Six years ago, Paula Moltzan figured her Olympic dreams were over. She had not been renamed to the U.S. Ski Team, so she decided to attend the University of Vermont with her eye on medical school.
Little did Moltzan know that in six years she would finish eighth in slalom at the Olympic Winter Games Beijing 2022. This slalom result comes on the tails of her 12th place finish in the Olympic giant slalom on Monday.
“I’m really happy to cross the finish line four times,” she said, referring to the two-run GS and two-run slalom. “It’s really special to me.
“Coming into your first Olympics, you can be really nervous, which I was. I think I almost threw up every time I was in the start gate. But I’m really happy with how I competed two days ago and today.”
Petra Vlhova, the Slovakian who has challenged Mikaela Shiffrin in slalom for the past couple of years, overcame a slow first run to win her first Olympic medal — gold — in a combined two-run time of 1:44.98. With seven skiers still to go in the second run, Vlhova sat in the leader’s box and hoped her time would hold up.
It did, and the normally reserved Vlhova went wild, hugging her team at the finish. Austria’s Katarina Leinsberger — seventh after the first run — moved onto the podium with the silver medal in a time of 1:45.06. The Austrian also won a silver medal in the alpine team event at the 2018 Winter Games.
And Switzerland’s Wendy Holdener won her fourth Olympic medal, a bronze, with a time of 1:45.10.
From the NCAAs to the Olympic Winter Games
In her first Olympic Games, Moltzan was the highest placed finisher for Team USA in eighth with a time of 1:46.18, and she was all smiles after the race. It was a journey that began a couple decades ago on the slopes of Buck Hill, the small ski area in the Minneapolis metro area that’s famous for turning out world-class skiers. Olympians Lindsey Vonn, Kristina Koznick, and David Chodounsky all grew up there, too.
Moltzan, who’s now 27, was a talented junior bound for the U.S. Ski Team. In 2015, she won the junior world championship slalom title. But then after lackluster results on the world cup, she was not renamed to the U.S. Ski Team the following spring.
At a loss, she talked to Jimmy Cochran, a two-time Olympian who was helping coach the University of Vermont ski team as he finished his mechanical engineering degree (Cochran is the cousin of 2022 Olympic super-G silver medalist Ryan Cochran-Siegle). He suggested that Moltzan talk to UVM head coach Bill Reichelt, who offered Moltzan a spot on the UVM Catamount ski team.

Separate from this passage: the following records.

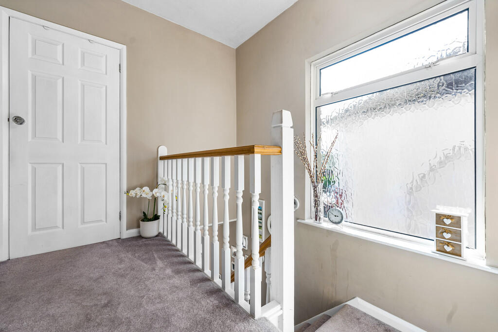 LANDING Smooth walls with textured ceiling and central light pendant finished with carpeted flooring. Upvc double glazed window to side. Access leading into all first floor rooms. Loft hatch providing access to loft space.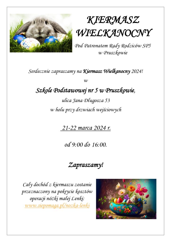 W imieniu Pani Dyrektor i Rady Rodziców serdecznie zapraszamy na Kiermasz Wielkanocny, którego dochód zostanie przekazany dla Lenki Woźniak.
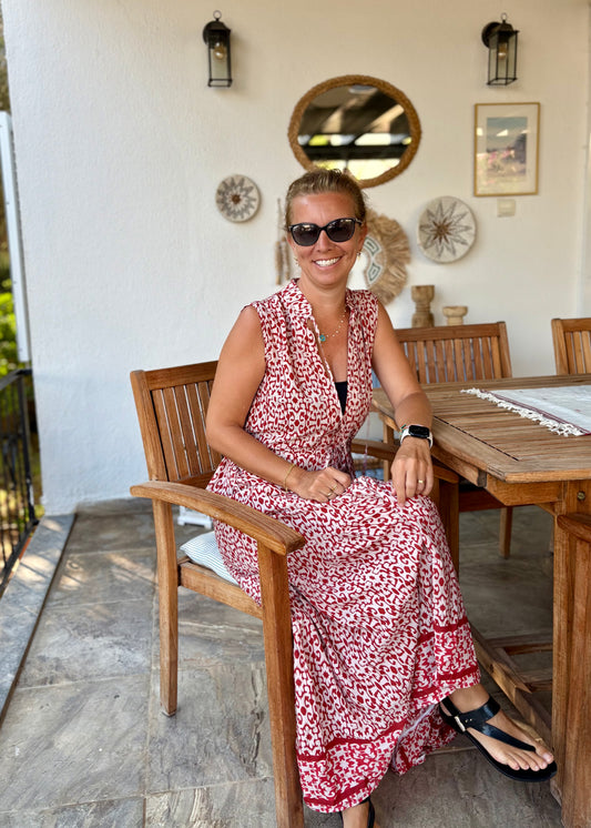 Amalfi Cotton Shirt Dress Maxi Red Green Lotus

Moltzan moved to Burlington to pursue a bachelor’s degree in biology and chemistry and was an asset for UVM from the first collegiate race, earning points for her team. As a freshman, she won the 2017 NCAA Ski Championship slalom title.

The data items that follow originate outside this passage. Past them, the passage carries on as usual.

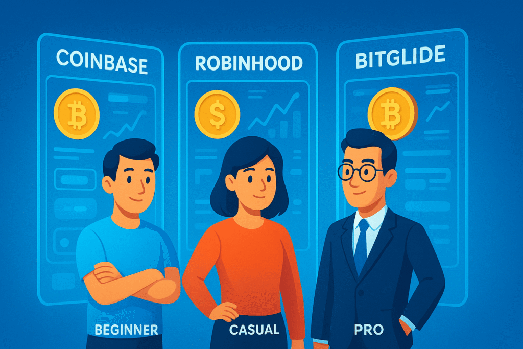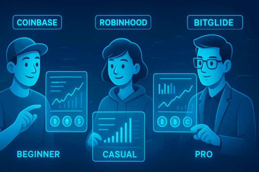 The U.S. crypto trading scene has changed fast, and traders now have more choices than ever. Coinbase remains a trusted name for beginners, Robinhood attracts users who want fast, simple trading, and BitGlide — the newest player — is trying to combine low fees with a modern, pro-style interface. With each app claiming to be the best, it can get confusing.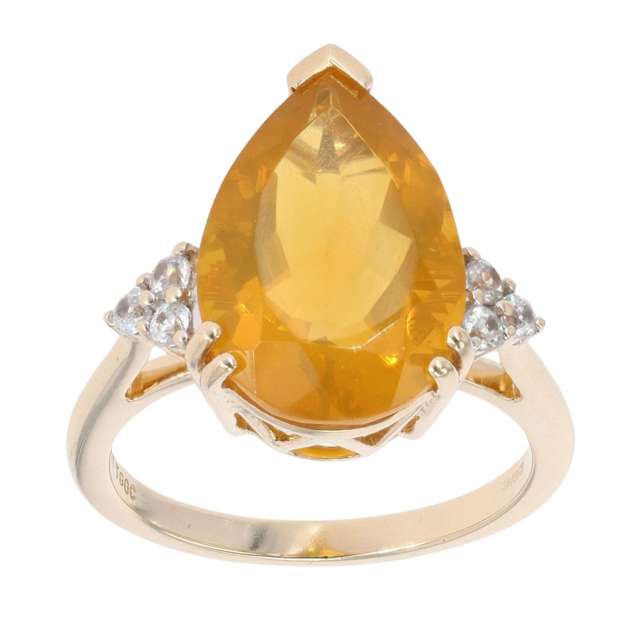 9ct Yellow Gold Yellow Opal And Cubic Zirconia Ring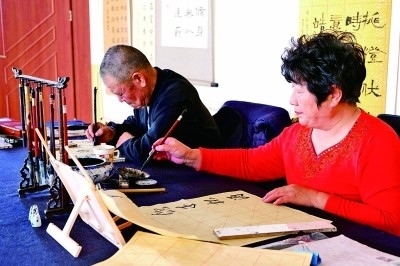 市民在社區(qū)文化中心練習(xí)書法。光明日?qǐng)?bào)記者 郭俊鋒攝

That summer — instead of traveling the world for more ski training — she worked as a nanny and a raft guide at her boyfriend’s family’s rafting business in western Massachusetts. She had met Ryan Mooney in ski racing, and he was good at turning her skis.
The fall of her junior year, Moltzan was in Colorado training. She entered a NorAm race and did well enough to earn a spot at the 2018 Killington World Cup slalom back in Vermont. Fun, she thought. She would be able to ski race in front of her UVM teammates, who made the 2-hour drive from campus to Killington.
With no pressure — and only a few training days so far that season — Moltzan finished 17th in the Killington slalom and earned more world cup starts in Europe. It was like being called up to the major leagues.
That winter, she raced in Europe and on the collegiate circuit, and maintained a full load of classes at UVM.
“I did everything,” said Moltzan with a laugh after the 2019 Killington World Cup. “It was crazy.”
And she did it well, taking eighteenth in the 2019 world championship slalom. Back home in Vermont for the 2019 NCAA Ski Championships, she traded her USA speed suit for green and yellow Catamount colors and finished third in slalom and fifth in GS, helping UVM take the runner-up spot at NCAAs, the team’s best finish in five years.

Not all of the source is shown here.